**Collection entries:**
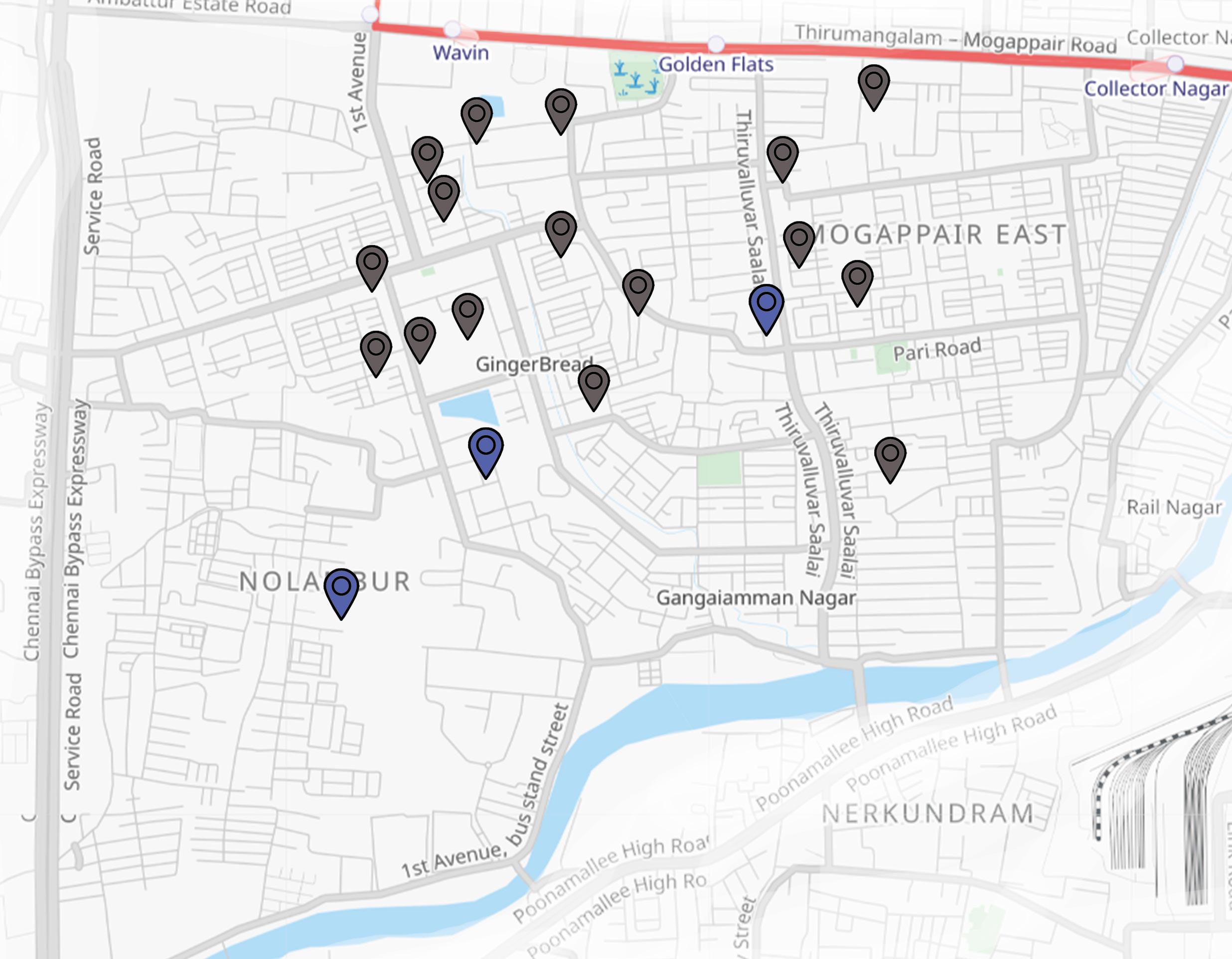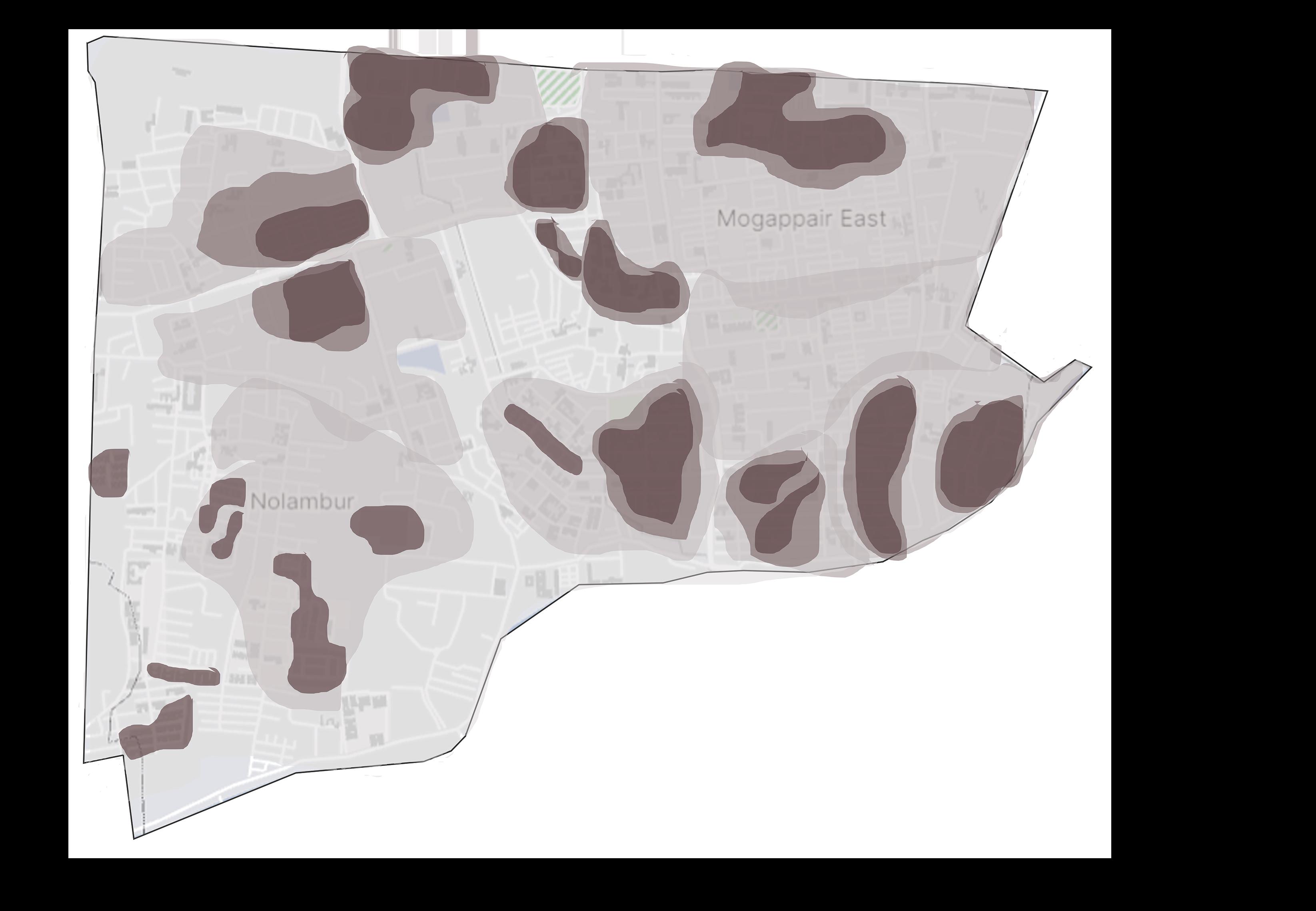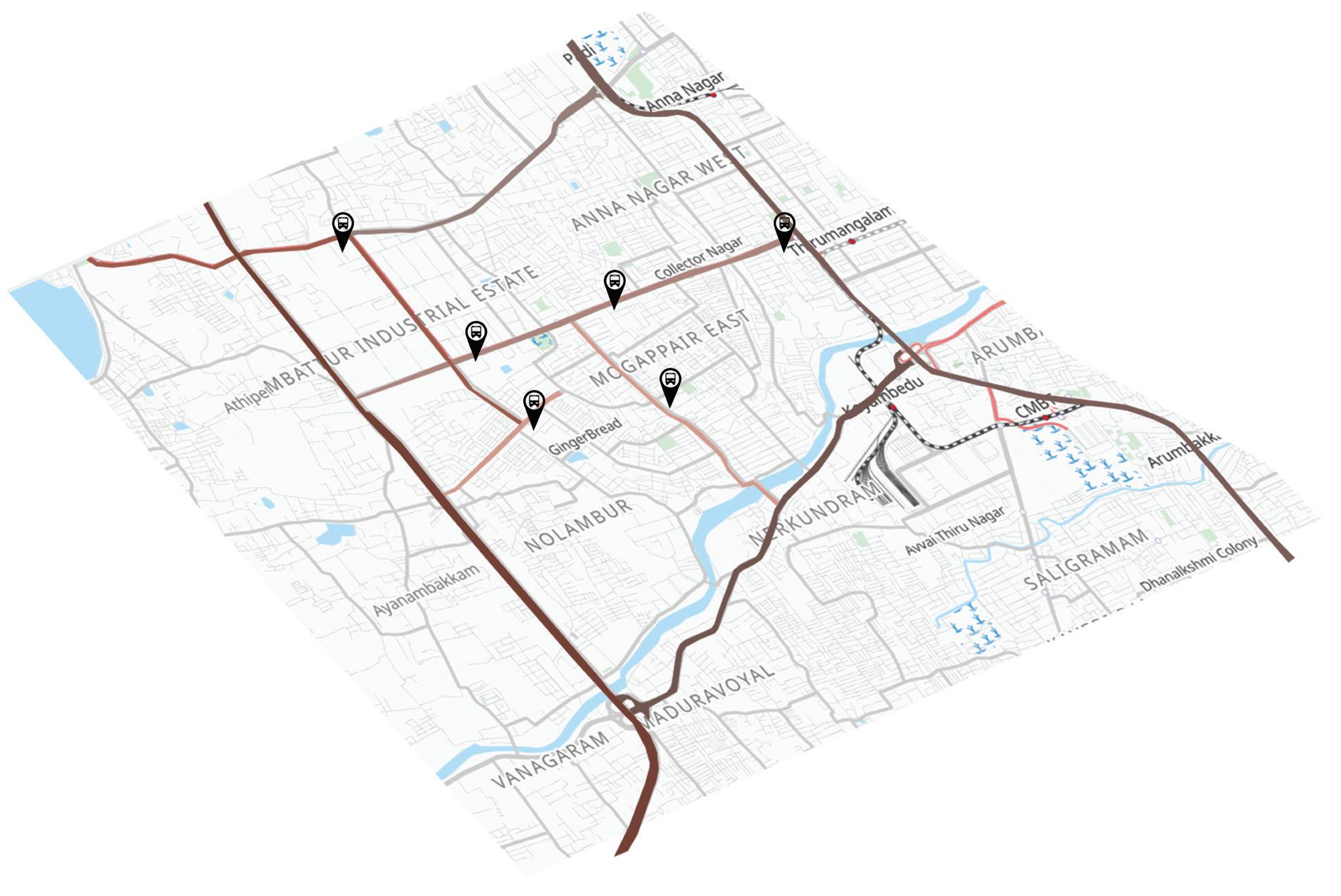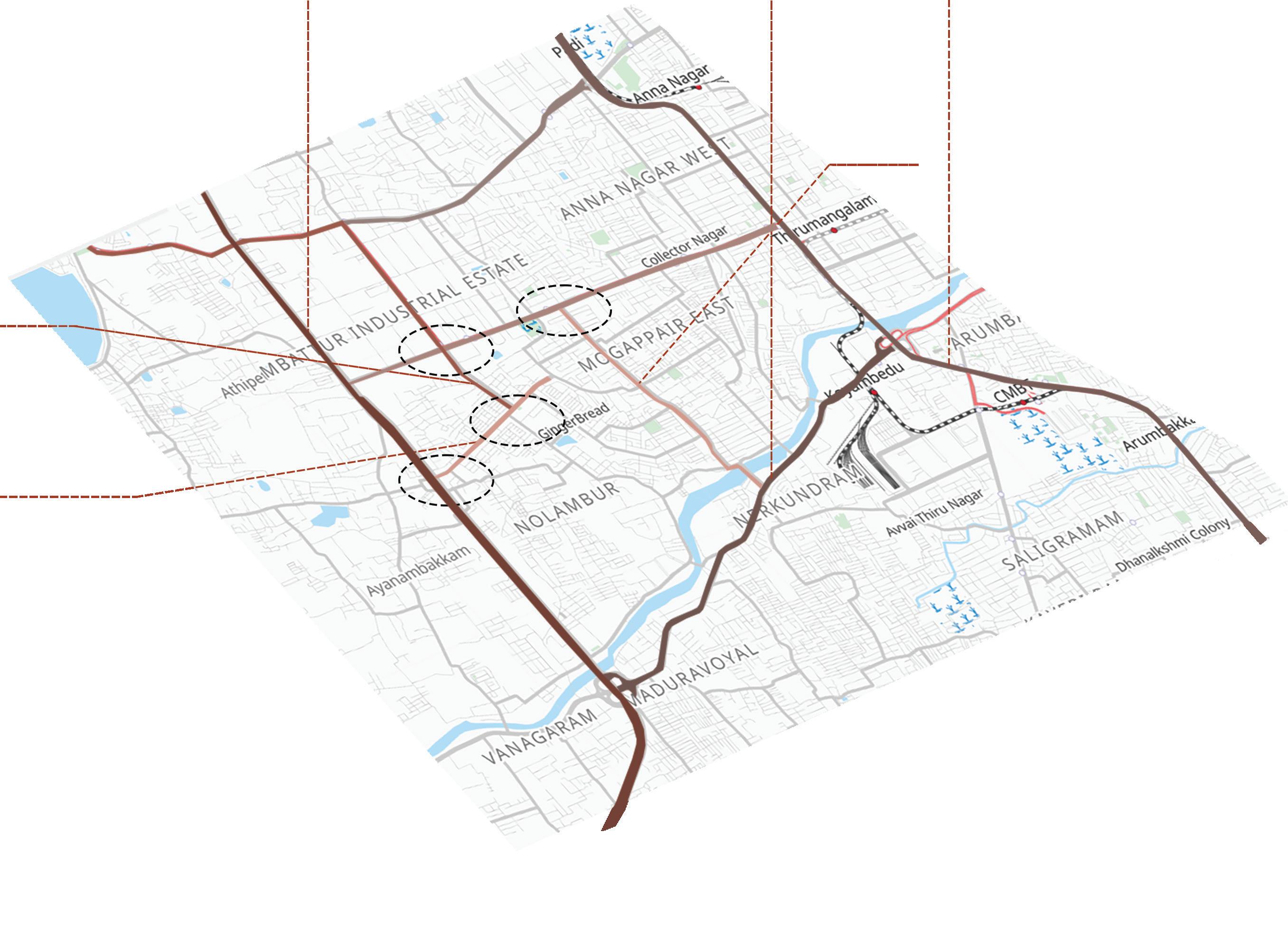 Mogappair Main Road: Major commercial Node of Mogappair. J.J.Nagar West Bus Depot: Forms connectivity to the other part of the Areacity. between 1st Main Road & Vellalar Street: Informal settlements. Rain water gets clogged in that area. North Eastern Mogappair: Unused industries and mixed use residential
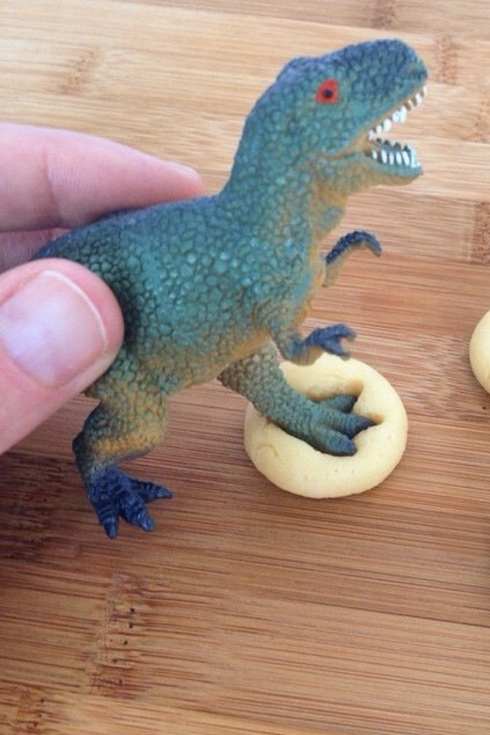 - imprimer des empreintes de dinosaures dans de la pâte à sel (ou des cookies) en utilisant les jouets de votre enfant
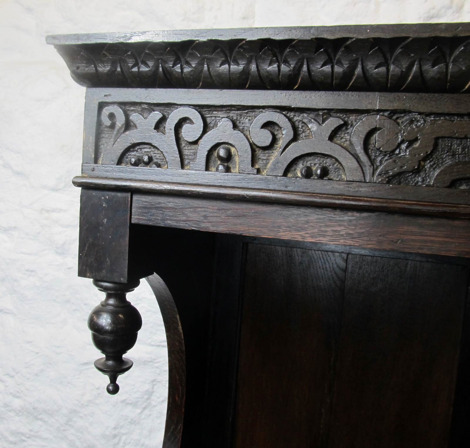 A thorough clean revealed great depth and richness in the wood. This is a characterful and quite unique piece of furniture, which would look amazing in a hallway.
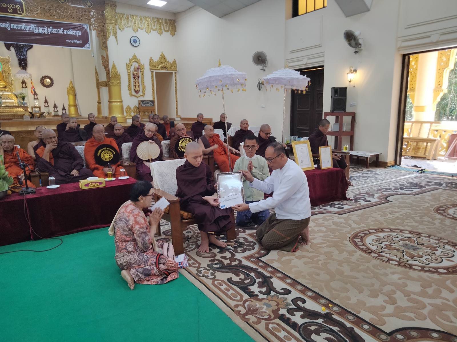 ဆက်လက်၍ ရန်ကုန်တိုင်းဒေသကြီးသံဃာနာယကအဖွဲ့ဥက္ကဋ္ဌ ဆရာတော် ထံမှငါးပါးသီလ ခံယူဆောက်တည်ကာ မြို့နယ်စီမံခန့်ခွဲရေးနှင့် အုပ်ချုပ်ရေးကော်မတီဥက္ကဋ္ဌ ဦး ကောင်းမြင့်သူက သာသနာရေးဆိုင်ရာများကို လျှောက်ထားခဲ့ပြီး အလှူရှင်များအားဂုဏ်ပြုမှတ်တမ်းလွှာများ ပေးအပ်ခဲ့သည်။
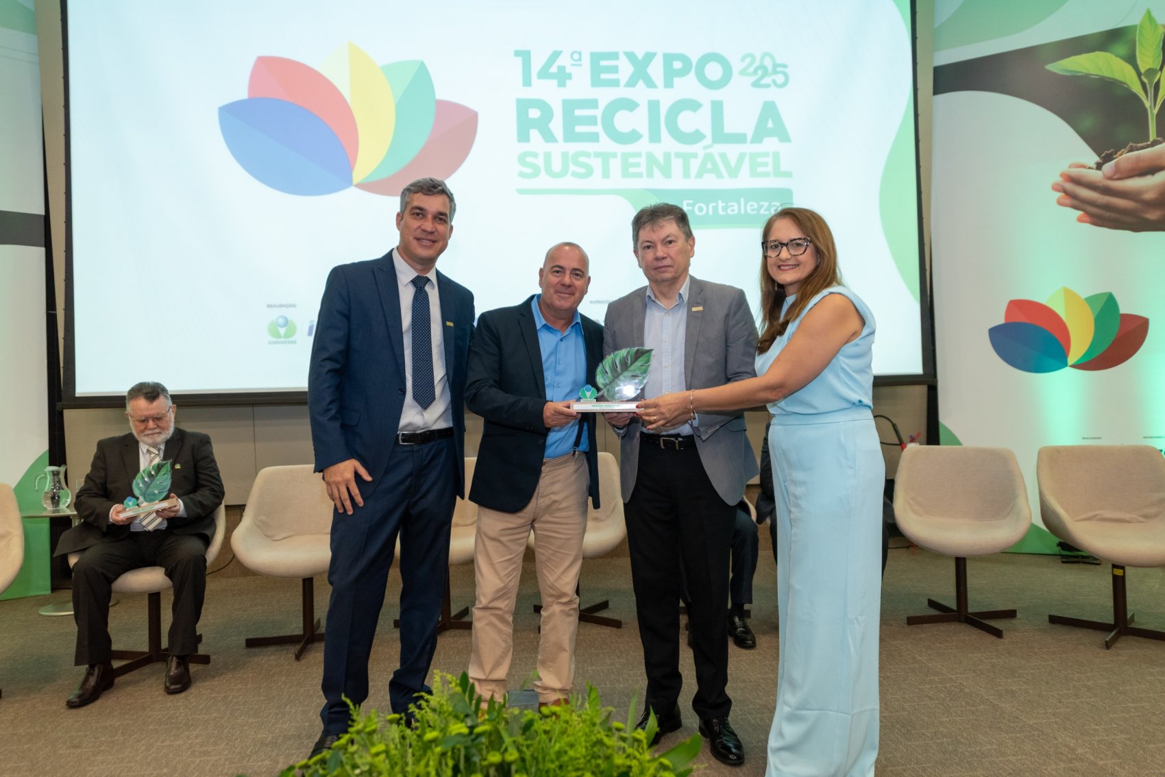 Na continuidade da cerimônia, foi entregue a Placa-Homenagem ao diretor financeiro da FIEC e presidente da Associação Caatinga, Edgar Gadelha, pelo trabalho dedicado à conservação ambiental e à proteção do bioma. A Ordem dos Advogados do Brasil – Secção Ceará também recebeu reconhecimento, representada pelo presidente da Escola Superior de Advocacia, Rafael Castelo Branco, em nome da presidente da OAB-CE, Christiane Leitão, pela contribuição às pautas dos recicladores e à agenda socioambiental.

**What you will do:**
Every entry above needs to be duplicated precisely, and none of the pictures should appear.

**Answer for the task:**
 Mogappair Main Road: Major commercial Node of Mogappair. J.J.Nagar West Bus Depot: Forms connectivity to the other part of the Areacity. between 1st Main Road & Vellalar Street: Informal settlements. Rain water gets clogged in that area. North Eastern Mogappair: Unused industries and mixed use residential
 - imprimer des empreintes de dinosaures dans de la pâte à sel (ou des cookies) en utilisant les jouets de votre enfant
 A thorough clean revealed great depth and richness in the wood. This is a characterful and quite unique piece of furniture, which would look amazing in a hallway.
 ဆက်လက်၍ ရန်ကုန်တိုင်းဒေသကြီးသံဃာနာယကအဖွဲ့ဥက္ကဋ္ဌ ဆရာတော် ထံမှငါးပါးသီလ ခံယူဆောက်တည်ကာ မြို့နယ်စီမံခန့်ခွဲရေးနှင့် အုပ်ချုပ်ရေးကော်မတီဥက္ကဋ္ဌ ဦး ကောင်းမြင့်သူက သာသနာရေးဆိုင်ရာများကို လျှောက်ထားခဲ့ပြီး အလှူရှင်များအားဂုဏ်ပြုမှတ်တမ်းလွှာများ ပေးအပ်ခဲ့သည်။
 Na continuidade da cerimônia, foi entregue a Placa-Homenagem ao diretor financeiro da FIEC e presidente da Associação Caatinga, Edgar Gadelha, pelo trabalho dedicado à conservação ambiental e à proteção do bioma. A Ordem dos Advogados do Brasil – Secção Ceará também recebeu reconhecimento, representada pelo presidente da Escola Superior de Advocacia, Rafael Castelo Branco, em nome da presidente da OAB-CE, Christiane Leitão, pela contribuição às pautas dos recicladores e à agenda socioambiental.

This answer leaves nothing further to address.